Замечание Франка о «религиозно осмысленной жертве», которая приносится поэтом на «алтарь» поэзии, о «предельном упрощении формы» стихотворений Живаго в сравнении с ранними произведениями Пастернака звучит «полемическим намеком» к суждениям Адамовича о «чистом листе».

Иваск рассматривает стихотворения Пастернака конспектив-нее. Устанавливается общность «живагинской» и «пастернаковской» поэзии. На первый план выносится религиозная тема. Обращение поэта к этой теме в советских условиях оказывается сравнимым с подвигом. И далее следует поэтапная критика поэтического почерка «не петербуржца» Пастернака-Живаго.

Иваска не устраивает авторская «трактовка» религиозного сюжета. Подвергаются сомнению технические приемы Пастернака.

Прежде всего, уделяется внимание характерным пастернаковским «нелепостям» (например, «фарисеи юлят "как лиса"»). О «недоработках» он высказывается как о «не умении свои произведения доделывать». Заостряет внимание на поэтической «несообразности» его религиозного видения.

Иваск и Франк курьезно полярны во мнении о «чувстве меры» поэта. Франк, сопоставляя раннее и позднее творчество поэта, говорит о всегда ему присущем «безошибочном, инстинктивном чувстве меры», Иваск утверждает отсутствие у поэта «самого простого чувства меры» и «такта».

Взаимодополняемость статей ощущается в рассмотрении религиозного аспекта творческого перерождения Пастернака. Франк объемнее показывает это перерождение, поэтому «трагедия», ощущаемая Иваском в контексте стихотворного цикла из романа, не выглядит формальной и вполне понятна. В качестве примера можно привести положительную оценку Иваском стихотворения «Август» и следующее за ней утверждение: «это не религия, а — трагедия поэта, его вздох полной грудью». В большей степени это утверждение относится к тому, что лучшие строфы поэта, конечно же, «заставляют забыть» все неуклюжести и безвкусицу в его творчестве.

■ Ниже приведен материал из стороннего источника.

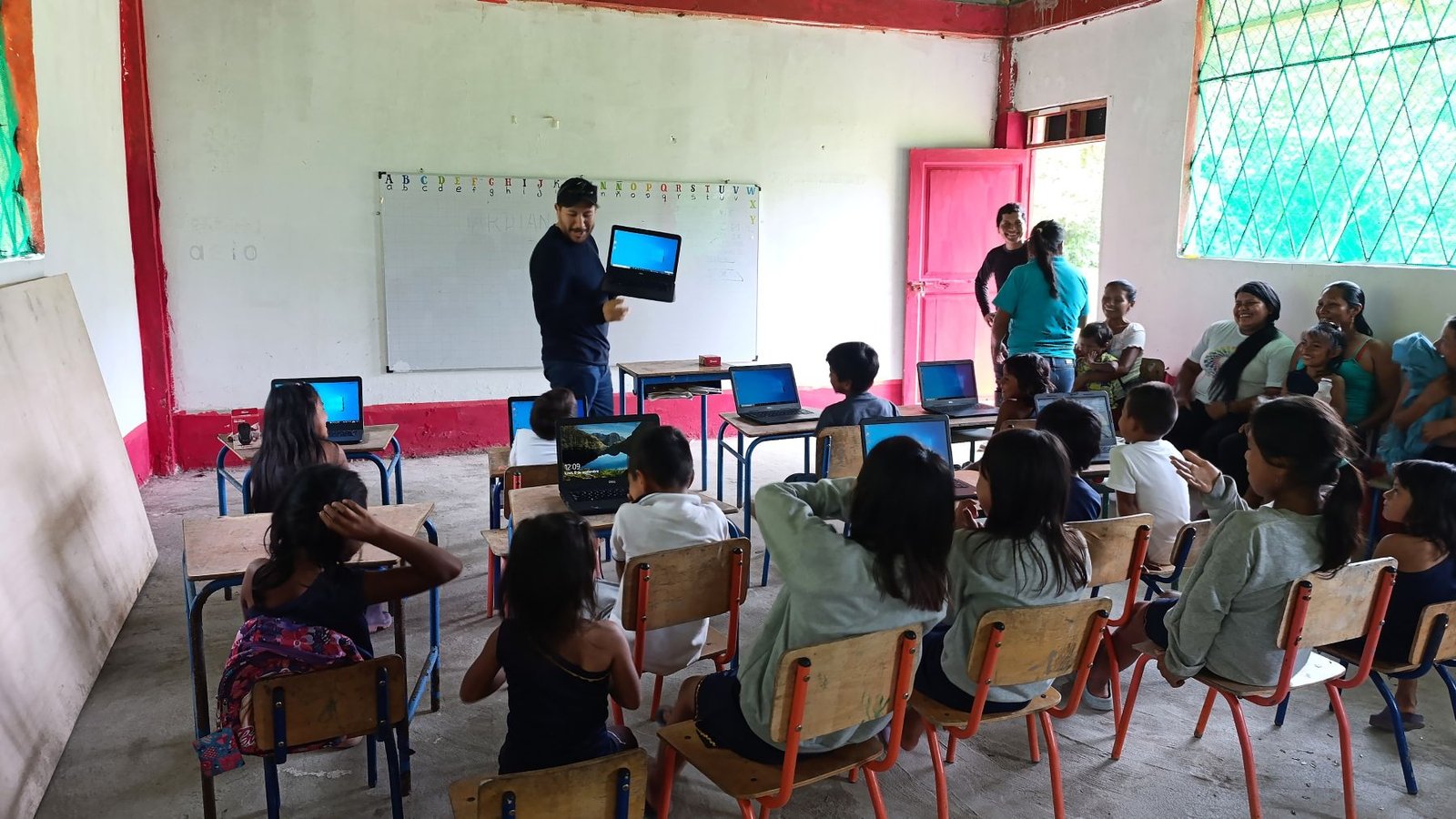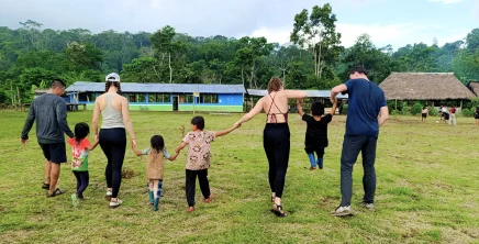 Children reading at the Arajuno Glamping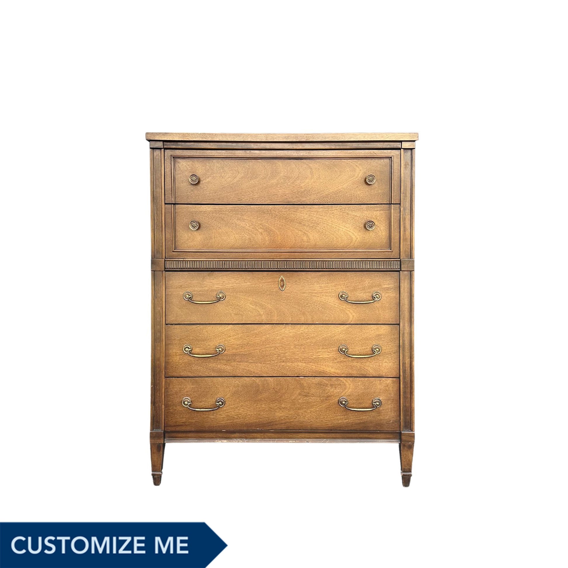 Benjamin is a Bassett highboy dresser who was recently rescued and is ready for refinishing. You pick your color and we do the rest!

Но, безусловно, оно основывается на религиозной почве (вопреки противопоставлению: «не религия, а — трагедия»). Только через «самоотдачу» и «самопожертвование», ранее увиденные Франком, через действенное сострадание поэт может вздохнуть полной грудью:

Чтоб тайная струя страданья Согрела холод бытия7.

Мотивы страдания и трагедии, высвеченные полемикой Ю.Иваска и В.Франка, невольно укрупняют до размеров проблемы все тот же вопрос о цели и смысле поэзии. Проблема становится очевидной благодаря взятой, наконец, Адамовичем ноте в статье «Невозможность поэзии».

На первый взгляд, при непосредственном соседстве публикаций, «Невозможность поэзии» может быть воспринята как частичная критика Пастернака, но не с позиций «западничества», а с позиции «вечности», христианской идеи «образа и подобия Божия». Как последователь Н.Гумилева Адамович сразу заостряет внимание на во-

просе преемственности метода и стиля Пастернака. Они внушают ему «отказ от прозы, боязнь ее, вместо преодоления». Поскольку Адамович сторонник «претворения» прозы в поэзию, возникновения «поэзии над прозой», — от него не ускользает формальность «стилистических или синтаксических сложностей» Пастернака.

Называя линию Пастернака «линией наименьшего сопротивления», Адамович все же отмечает горький «привкус» пастернаков-ской поэзии. Он подчеркивает, что «невозможность» скрывается в «формальном замысле его поэзии» и проявляется благодаря «наглядности художественных намерений»: «Читаешь стихи, видишь, как они крепко и ладно сделаны, и недоумеваешь: зачем они сделаны, зачем?».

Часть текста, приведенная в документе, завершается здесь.